### Exercise requirements
All of the listing below must be repeated word for word. Pictures are the only thing to omit.

### Exercise data
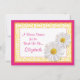 You can customise the text on this fuchsia pink or magenta pink, white and yellow shasta daisy recipe theme bridal shower invitation. This invitation is a combination of chic and trendy and traditional with the daisies and damask swirl and the bright colours make it a good choice for weddings in the spring and summer. It is customised to simulate a recipe card and works very well for a recipe themed wedding shower. Matching recipe card enclosures are shown below. This would work well for any special occasion with a recipe theme. The lines and "recipe card" text can be removed from this invitation as well using customise it. To change the text, use the personalise options. For more extensive changes to the invitation, including changes to the font, font colour, font size, and/or text placement, or to remove the lines and text from the back, use the customise it option.
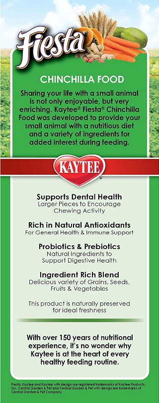Kaytee Fiesta Chinchilla Food features an exciting mixture of quality fruits, nuts, vegetables, specialty seeds and grains create a unique formula to provide all essential nutrients and fantastic flavor for your furry friends. Scientifically formulated and thoroughly tested, Kaytee Fiesta combines colorful shapes, delightful flavors and the widest variety of ingredients to ensure you are feeding your pet what they love.
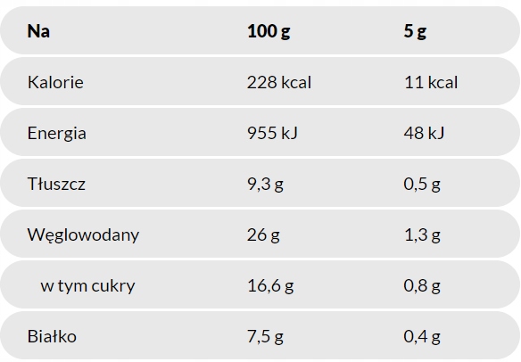 Продукт без глютена. Не содержит консервантов, лимонной кислоты, искусственных красителей и усилителей вкуса.
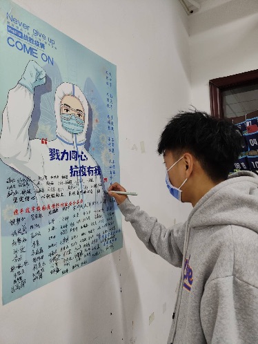 防控期间,辅导员坚守岗位服务同学,深入宿舍开展谈心谈话活动,了解学生的需求,解读学校防疫政策和措施,帮助同学们解决实际问题。各系各班级积极响应,围绕“勠力同心,抗疫有我”召开主题班会,就疫情认知及个人行动展开激烈讨论。同学自发进行承诺宣誓,争做健康责任第一人,做好“应做之事”,尽好“应尽之责”,以大局为重,主动遵守疫情防控各项规定,帮助周围同学配合做好学校疫情防控各项工作,拒绝非法无证商贩外卖进入校园,最大限度切断疫情风险来源。

### Finished exercise
 You can customise the text on this fuchsia pink or magenta pink, white and yellow shasta daisy recipe theme bridal shower invitation. This invitation is a combination of chic and trendy and traditional with the daisies and damask swirl and the bright colours make it a good choice for weddings in the spring and summer. It is customised to simulate a recipe card and works very well for a recipe themed wedding shower. Matching recipe card enclosures are shown below. This would work well for any special occasion with a recipe theme. The lines and "recipe card" text can be removed from this invitation as well using customise it. To change the text, use the personalise options. For more extensive changes to the invitation, including changes to the font, font colour, font size, and/or text placement, or to remove the lines and text from the back, use the customise it option.
Kaytee Fiesta Chinchilla Food features an exciting mixture of quality fruits, nuts, vegetables, specialty seeds and grains create a unique formula to provide all essential nutrients and fantastic flavor for your furry friends. Scientifically formulated and thoroughly tested, Kaytee Fiesta combines colorful shapes, delightful flavors and the widest variety of ingredients to ensure you are feeding your pet what they love.
 Продукт без глютена. Не содержит консервантов, лимонной кислоты, искусственных красителей и усилителей вкуса.
 防控期间,辅导员坚守岗位服务同学,深入宿舍开展谈心谈话活动,了解学生的需求,解读学校防疫政策和措施,帮助同学们解决实际问题。各系各班级积极响应,围绕“勠力同心,抗疫有我”召开主题班会,就疫情认知及个人行动展开激烈讨论。同学自发进行承诺宣誓,争做健康责任第一人,做好“应做之事”,尽好“应尽之责”,以大局为重,主动遵守疫情防控各项规定,帮助周围同学配合做好学校疫情防控各项工作,拒绝非法无证商贩外卖进入校园,最大限度切断疫情风险来源。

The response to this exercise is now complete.